• _AVAILABLE DATA_
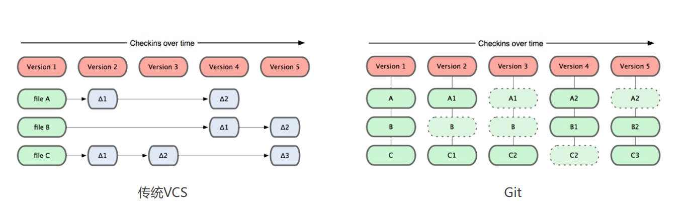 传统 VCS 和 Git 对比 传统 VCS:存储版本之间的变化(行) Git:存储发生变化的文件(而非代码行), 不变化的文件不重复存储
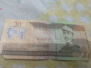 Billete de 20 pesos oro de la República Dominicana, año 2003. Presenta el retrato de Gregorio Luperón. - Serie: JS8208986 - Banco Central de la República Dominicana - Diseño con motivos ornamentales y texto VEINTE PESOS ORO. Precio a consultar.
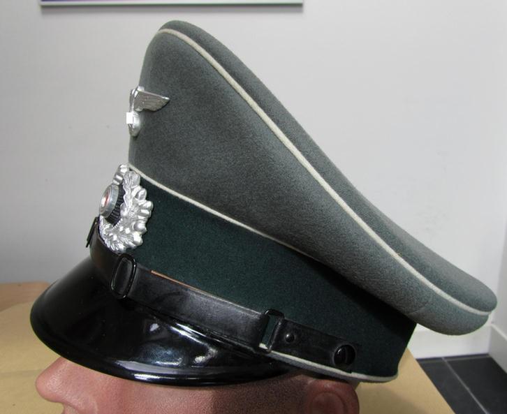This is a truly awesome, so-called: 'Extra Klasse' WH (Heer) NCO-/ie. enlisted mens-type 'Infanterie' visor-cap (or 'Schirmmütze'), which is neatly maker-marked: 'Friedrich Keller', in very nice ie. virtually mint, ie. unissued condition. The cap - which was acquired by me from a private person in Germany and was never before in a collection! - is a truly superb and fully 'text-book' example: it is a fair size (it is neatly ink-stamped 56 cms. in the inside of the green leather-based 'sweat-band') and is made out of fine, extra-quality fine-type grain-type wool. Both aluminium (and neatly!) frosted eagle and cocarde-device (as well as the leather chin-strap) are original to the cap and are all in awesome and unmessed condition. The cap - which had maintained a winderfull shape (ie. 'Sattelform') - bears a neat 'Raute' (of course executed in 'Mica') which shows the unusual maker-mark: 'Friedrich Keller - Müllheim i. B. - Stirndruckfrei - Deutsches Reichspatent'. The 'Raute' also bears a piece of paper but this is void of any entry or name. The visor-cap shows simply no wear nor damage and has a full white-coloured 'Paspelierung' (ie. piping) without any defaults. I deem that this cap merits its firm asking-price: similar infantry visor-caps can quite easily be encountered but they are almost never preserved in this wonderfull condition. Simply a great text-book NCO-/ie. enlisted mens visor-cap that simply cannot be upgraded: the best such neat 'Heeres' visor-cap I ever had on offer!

* * *

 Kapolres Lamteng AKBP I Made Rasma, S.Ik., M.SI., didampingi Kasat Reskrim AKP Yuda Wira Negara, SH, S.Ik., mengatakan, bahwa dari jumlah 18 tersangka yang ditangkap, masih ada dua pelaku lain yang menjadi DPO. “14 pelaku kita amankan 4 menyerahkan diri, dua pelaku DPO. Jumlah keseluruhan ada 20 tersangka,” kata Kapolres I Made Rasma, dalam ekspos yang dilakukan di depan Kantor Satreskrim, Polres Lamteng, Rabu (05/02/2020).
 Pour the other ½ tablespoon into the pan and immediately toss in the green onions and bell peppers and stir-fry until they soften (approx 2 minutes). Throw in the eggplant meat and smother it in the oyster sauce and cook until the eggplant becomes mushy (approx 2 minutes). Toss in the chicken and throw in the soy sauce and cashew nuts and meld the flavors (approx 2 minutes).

---

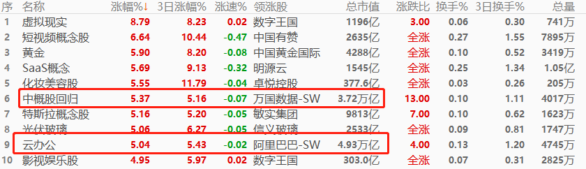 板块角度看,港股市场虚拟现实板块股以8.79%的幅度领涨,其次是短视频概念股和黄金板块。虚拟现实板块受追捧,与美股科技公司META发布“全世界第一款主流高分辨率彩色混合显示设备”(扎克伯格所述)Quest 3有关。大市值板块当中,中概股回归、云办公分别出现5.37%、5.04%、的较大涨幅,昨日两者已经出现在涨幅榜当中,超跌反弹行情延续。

• _TASK TO CARRY OUT_
In the entries above, find the line with "传统 VCS 和 Git" and the line with "Billete de 20". Write out exactly those two lines and every line between them, pictures excluded.

• _SOLUTION TO THIS EXERCISE_
 传统 VCS 和 Git 对比 传统 VCS:存储版本之间的变化(行) Git:存储发生变化的文件(而非代码行), 不变化的文件不重复存储
 Billete de 20 pesos oro de la República Dominicana, año 2003. Presenta el retrato de Gregorio Luperón. - Serie: JS8208986 - Banco Central de la República Dominicana - Diseño con motivos ornamentales y texto VEINTE PESOS ORO. Precio a consultar.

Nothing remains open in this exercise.